* Exercise brief *
Please print exactly the lines from the line containing "vidaXL TV Cabinet" through the end of the data, no more, and keep pictures out of the copy.

* Provided material *
============================================================

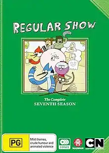 The seventh season of the American animated comedy television series Regular Show, created by J. G. Quintel, originally aired on Cartoon Network in the United States, and was produced by Cartoon Network Studios. Quintel created the series' pilot using characters from his comedy shorts for the canceled anthology series The Cartoonstitute. He developed Regular Show from his own experiences in college. Simultaneously, several of the show's main characters originated from his animated shorts The Naïve Man from Lolliland and 2 in the AM PM. The series was renewed for a seventh season on July 25, 2014, ahead of its sixth-season premiere. The previous season contained 31 episodes to accommodate the film, and this season contained 39 episodes.[1][2]
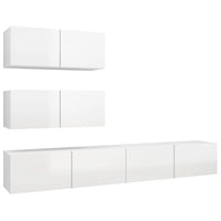 vidaXL TV Cabinet Set 4 Piece Living Room Bedroom Furniture HiFi Stereo Cabinet TV Stand Media Entertainment Center Engineered Wood High Gloss White
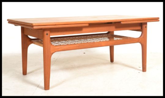 A retro 20th Century Danish inspired teak draw-leaf coffee table, with a latticed undertier raised on shaped supports. Measures: 44cm high x 105cm wide x 54cm deep.

============================================================

* Exercise response *
 vidaXL TV Cabinet Set 4 Piece Living Room Bedroom Furniture HiFi Stereo Cabinet TV Stand Media Entertainment Center Engineered Wood High Gloss White
 A retro 20th Century Danish inspired teak draw-leaf coffee table, with a latticed undertier raised on shaped supports. Measures: 44cm high x 105cm wide x 54cm deep.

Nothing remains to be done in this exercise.